The Rwanda-backed M23's capture of most of Goma, the capital of North Kivu province, in recent days is a dramatic escalation of a decade-long campaign that has seen it seize swathes of eastern Democratic Republic of Congo.
It is one of a string of rival armed groups in eastern DRC that has been plagued by internal and cross-border violence for the past three decades.
The violent uptick has rattled the continent, with regional blocs in Eastern and Southern Africa calling emergency summits, and the UN, United States, China and European Union urging an end to fighting.
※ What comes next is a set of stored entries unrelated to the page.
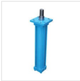
Hydraulic Flange Mounting Cylinder
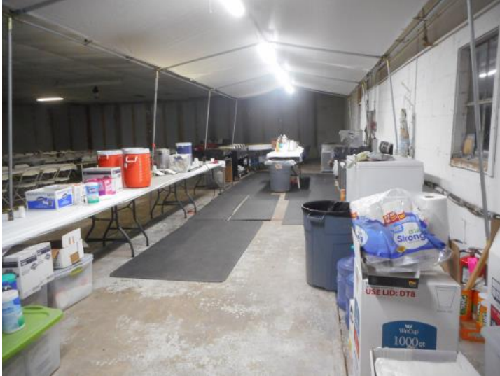
Calm before the storm. Early Sunday morning.
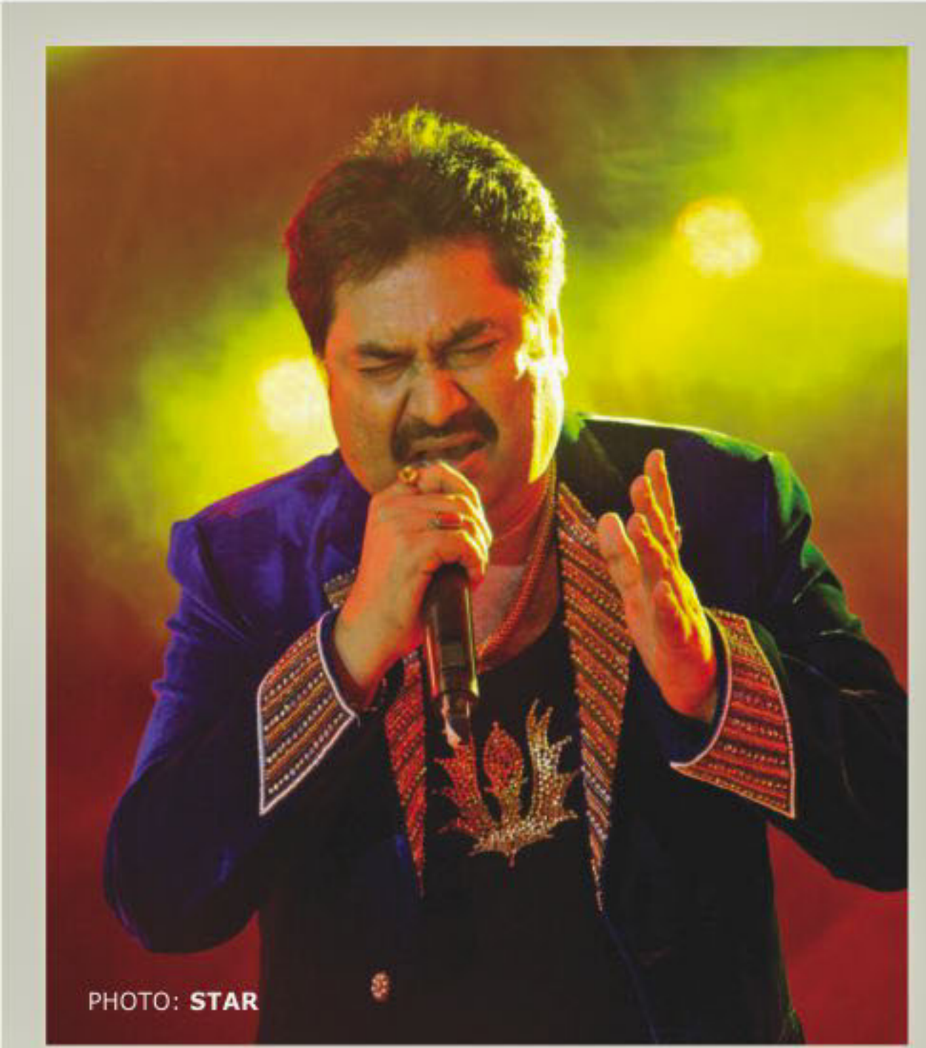
Bollywood playback singer Kumar Shanu performs at a musical programme at the Dhaka Officers' Club, celebrating Saraswati Puja. The daylong rituals and celebrations were held on January 25 at the club premises, celebrating the arrival of Devi Saraswati - the Hindu Goddess of knowledge, music, arts and science.

French Foreign Minister Jean-Noel Barrot arrived in the DRC capital Kinshasa on Thursday, Congolese government sources told AFP. He is due to meet President Felix Tshisekedi, according to a source at the presidency.
Tshisekedi, in his first remarks since the latest crisis began, said in a late-night address that a "vigorous and coordinated response against these terrorists and their sponsors is under way".
He blasted the "silence and inaction" of the international community, calling it an "affront" in the face of an "unprecedented worsening of the security situation" that could lead "straight to an escalation" in the broader Great Lakes region.
Local sources told AFP late Wednesday that Kigali-backed fighters were advancing on a new front and had seized two districts in South Kivu province.
The Congolese army has yet to make a statement about the M23 advances.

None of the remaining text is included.